Per-issue methodology · Issue I · Code Uniformity · Q2 2026v0.1.0Frozen 2026-05-08Yash Datta · saucam

How we
measured.

The pre-registered measurement plan for Code Uniformity · Q2 2026. Locked at v0.1.0 on 2026-05-08, before any sampling. Six hypotheses, eight measurement axes, the stratified sample design, and the statistical handling that turned 12,254 functions across 48 public OSS repositories into the published findings. The publication’s editorial charter is upstream of this document.

version
0.1.0
frozen
2026-05-08 · before any sampling or measurement
authors
Yash Datta · saucam
license
CC BY 4.0 (this document) · see agent-uniformity for code license (MIT)
01

What this report measures

The structural impact of AI authorship on production code.
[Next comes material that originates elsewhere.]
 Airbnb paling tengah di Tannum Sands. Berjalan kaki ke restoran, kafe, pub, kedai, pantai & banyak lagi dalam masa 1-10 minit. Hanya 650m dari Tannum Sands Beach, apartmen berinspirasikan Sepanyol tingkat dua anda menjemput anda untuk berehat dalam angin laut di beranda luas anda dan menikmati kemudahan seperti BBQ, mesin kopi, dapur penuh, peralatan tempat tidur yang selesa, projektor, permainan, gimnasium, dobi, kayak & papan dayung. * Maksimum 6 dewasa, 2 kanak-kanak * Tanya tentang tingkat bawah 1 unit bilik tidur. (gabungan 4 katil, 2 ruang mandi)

Specifically: when AI agents (Claude Code, Cursor, Aider, etc.) author code that ends up merged into public repositories, how does that code differ from human-written code in the same repo, across the same language, and across languages?
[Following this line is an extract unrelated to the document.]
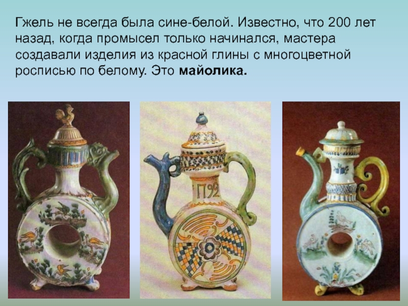 промысел только начинался, мастера создавали изделия из красной глины с многоцветной росписью по белому. Это майолика.

The report is descriptive empirical, not prescriptive. We measure observed properties; we do not claim AI code is “better” or “worse” without an explicit quality proxy attached.

02

The wedge

Most takes about AI-generated code are speculative or anecdotal. We measure what AI authorship does to the code that humans (and other agents) read, debug, and modify next month: uniformity, repetition, cohesion, isolation, naming consistency, complexity. These are the levers of downstream readability and maintenance cost.

03

Pre-registered hypotheses

Locked at methodology-freeze time, before sampling. We will report results whether or not these hold.
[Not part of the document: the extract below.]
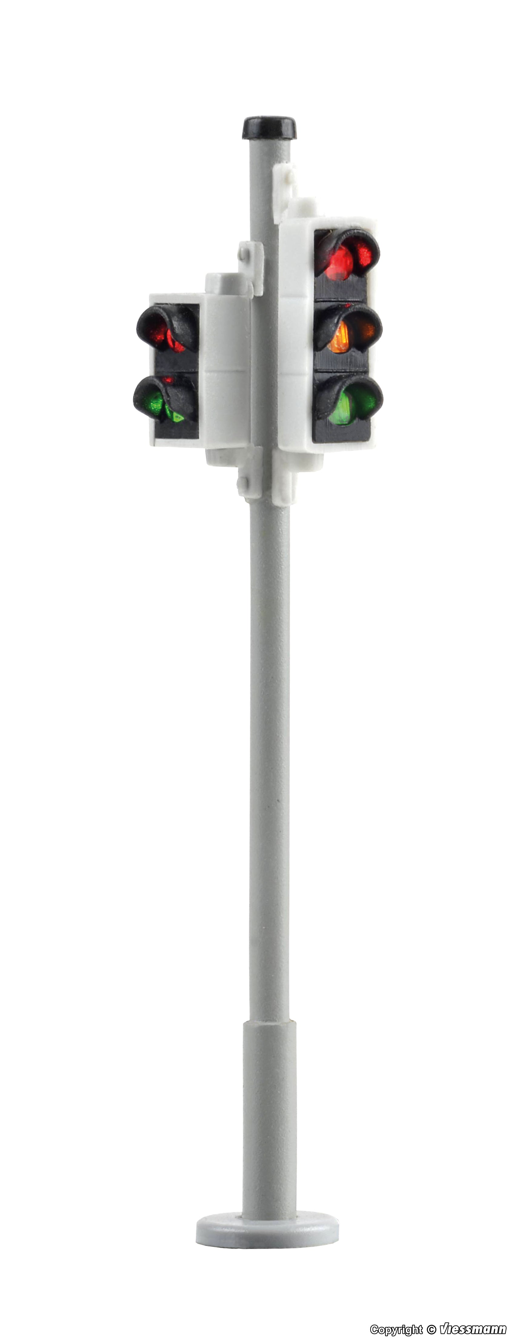 Traffic lights suitable for epochs III - VI. Each set contains 2 traffic lights, each with a red, yellow and green LED for road traffic and a red and green LED for pedestrians. Suitable for crosswalks as e. g. zebra crossings. Prototypical filigree brass mast with base socket for easy mounting. Maintenance-free by LED lighting. Attached electronics controls both traffic lights in an automatic sequence.

#HypothesisDirectionRationale
H1AI-authored functions have higher mean top-K similarity to other functions in the same repo than human-authored functionsAI > humanAI tools converge on shared patterns from training data
H2The AI-vs-human similarity gap (H1 magnitude) grows with the repo's overall AI authorship ratioPositive correlationMore AI code = AI patterns dominate the repo
H3DRY-cluster density is higher in AI-heavy reposAI-heavy > human-heavyAI generates lookalike functions instead of factoring shared helpers
H4The most-isolated functions in AI-heavy repos are disproportionately human-authoredYesHand-coded edges (provider integrations, rare utilities) survive as the unique parts
H5AI code has lower cyclomatic complexity per function than human code at matched function sizeAI < humanAI tools default to simple control flow
H6Across languages, the AI uniformity gap (H1) varies; some languages produce more native-feeling AI output than othersVariation presentDifferent training-data densities, idiom complexity

We additionally pre-register exploratory questions where we have no directional prediction:

  • E1: Does cross-language semantic mirroring scale with AI ratio in multilingual repos?
  • E2: Is there a U-curve between repo uniformity and project popularity (stars × commit cadence)?
  • E3: Does comment density correlate with AI authorship?
04

Definitions

4.1 AI authorship — ground truth

A commit is classified as AI-authored if any of the following hold:

  1. Commit message contains literal text Co-Authored-By: Claude (the Claude Code default footer)
  2. Commit message contains literal text Generated with [Claude Code]
  3. Author name contains a parenthetical AI tag: (aider), (claude-...), (claude-sonnet-...), (claude-opus-...), (gpt-...)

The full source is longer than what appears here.